TASK INSTRUCTIONS: Exact reproduction of the data is required, with images excluded.

STORED DATA:

________________________

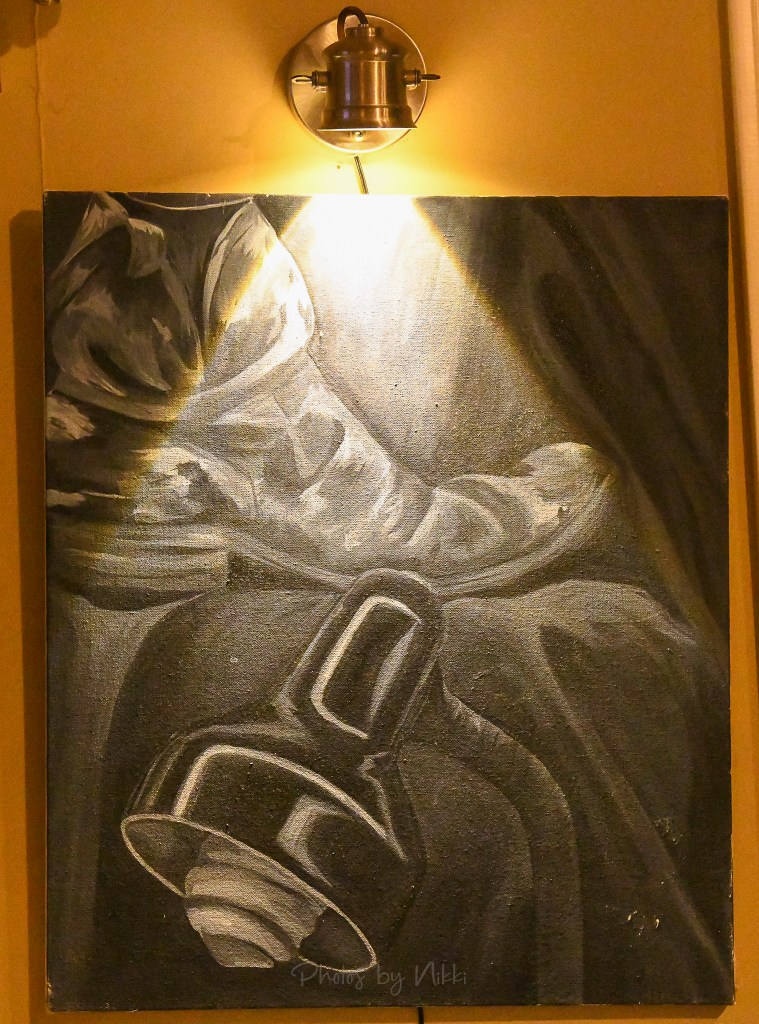 A black-and-white painting hung under a warm spotlight — a moody, introspective piece that spoke of thought and craftsmanship. Its soft light and deep tones contrasted perfectly with the golden walls.
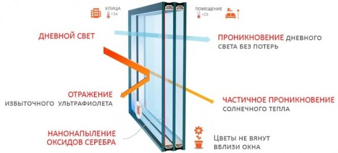 - Crème solaire... Enregistre l'intérieur des rayons du soleil brûlants, augmente le confort dans la pièce. Le verre "absorbant" avec protection solaire est peint dans la masse, "réfléchissant" - revêtu d'un revêtement spécial. La deuxième solution de coût comparable est plus efficace.
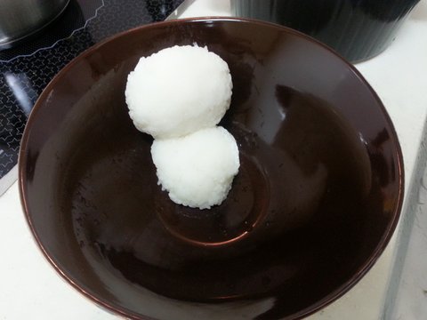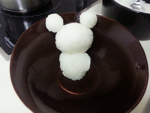그리고나서, 머리는 가로로 조금 길게해서 동글동글 만든 다음 몸통 위에 살포시 올려줍니다.

________________________

REPLY TO THE EXERCISE:
 A black-and-white painting hung under a warm spotlight — a moody, introspective piece that spoke of thought and craftsmanship. Its soft light and deep tones contrasted perfectly with the golden walls.
 - Crème solaire... Enregistre l'intérieur des rayons du soleil brûlants, augmente le confort dans la pièce. Le verre "absorbant" avec protection solaire est peint dans la masse, "réfléchissant" - revêtu d'un revêtement spécial. La deuxième solution de coût comparable est plus efficace.
그리고나서, 머리는 가로로 조금 길게해서 동글동글 만든 다음 몸통 위에 살포시 올려줍니다.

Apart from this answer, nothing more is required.